Linvern Wright and Elaine Foster Allen, former permanent secretary in the Ministry of Education
Linvern Wright, President of the Jamaica Association of Principals of Secondary Schools, has said the government should accept blame in the handling of the Ruel Reid special leave debacle.
Mr. Wright said it is clear that the government manipulated the gaps in the Education Act to its and Mr. Reid's advantage.
He argued that impending reforms to the legislation to deal with situations such as the controversy surrounding the leave arrangements for Mr. Reid, will not eliminate loopholes.
He believes that the Ministry of Education should have met with Mr. Reid, instead of passing the responsibility to the Jamaica College board.
"If it is that the Prime Minister and the Minister of Education had sat down with Ruel Reid and said, we in good faith, believing in your ethics and every single thing, gave you this position. You have done something that could affect the school. We need to talk to you. If you do not have that credibility to talk to him, then how could you have put him in a position like that? And I think that it is lack of that kind of fortitude that has put this situation where it is now that we have to be talking about it now," he insisted while speaking Wednesday on the Morning Agenda on Power 106.

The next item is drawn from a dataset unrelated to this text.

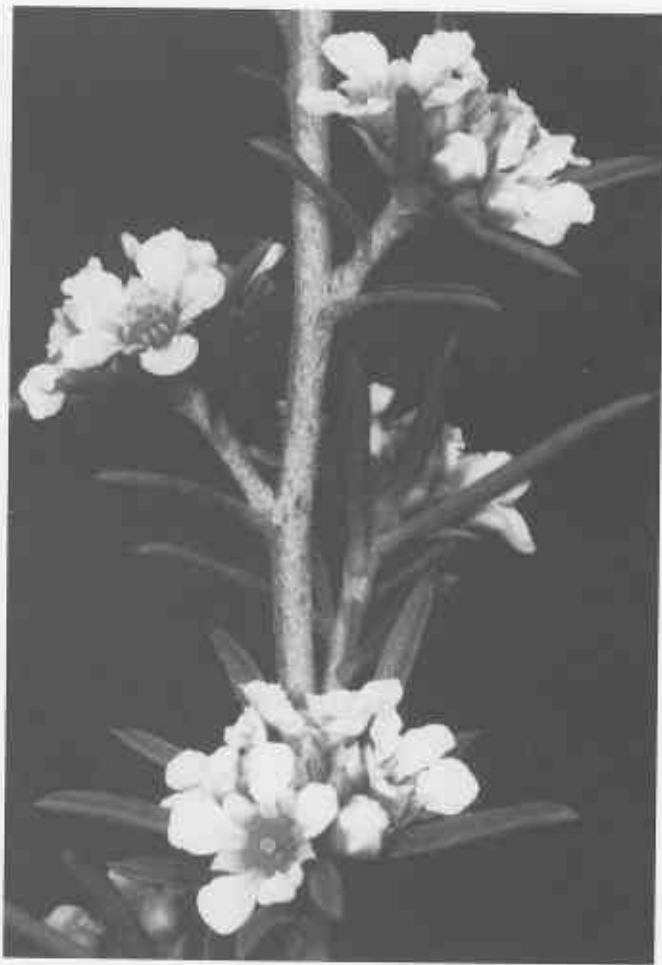
Figure 2. Photograph of flowering branch of Agonis fragrans taken by C.J. Robinson.

Selected specimens examined (all PERTH). WESTERN AUSTRALIA: Walpole–Nornalup National Park point 305, 3 May 1989, A.R. Annels 732; Plot 5022, Romance Rd, 2 km N of Break Rd, 28 km NW of Denmark, 20 Nov. 1991, A.R. Annels 2006; Payne Rd, c. 4.5 km E of Bussell Highway, c. 14 km NE of Cowaramup, 31 May 1995, B.J. Lepschi 1867 (duplicates AD, BRI, CANB, NSW, US all n.v. ); Storry Rd off Pemberton–Nannup road adjacent to private property on Donnelly River, State Forest Jasper, 23 June 1991, N. McQuoid 171; Site B53, 600 m along unnamed track off Nanga Rd, 500 m N of intersection with Willowdale Rd, 24 July 1997, G. Paull 248; N side of Kernutts Rd, 1.3 km E of Denmark–Mount Barker road and 3.6 km N of Albany–Denmark highway, 29 Jan. 1998, C.J. Robinson 1208; Peter Buxton's property, Plantaginet Location 6634 Redmond West Rd, 18 km WSW of Redmond townsite (cultivated from locally collected seed – oil voucher), 18 Feb. 1998, C.J. Robinson 1213; 135 mile post on Albany Highway (between Williams & Kojonup), Oct. 1966, W. Rogerson 292; Site 133, 2.5 km SE of Mt Johnstone, 4 Sep. 1997, D. Trenowden 195; Gum Link Rd, W of Nornalup Rd, 10 Aug. 1991, J.R. Wheeler 2667; Walpole–Nornalup National Park, Nut Rd, 1 Sep. 1991, J.R. Wheeler 2939; Walpole–Nornalup National Park, 0.5 km E of Deep River bridge, track opposite Meredith Rd, 10 Aug. 1992, J.R. Wheeler 3098.

Former Education Minister Ruel Reid is to be paid $23.2 million under the agreement which led to his resignation as principal of Jamaica College last Saturday.
A little more than $16 million will be paid by the Ministry of Education and the remaining $7.1 million by the Jamaica College Trust.
Elaine Foster Allen, former permanent secretary in the Ministry of Education, agreed that the government has been using loopholes in legislation to its advantage.
She argued that she has seen under the current government, "many more times when policies, regulations, laws have been manipulated than ever before".
Mrs Foster Allen, who was also speaking Wednesday on the Morning Agenda, said this raises a broader concern about ethics in government.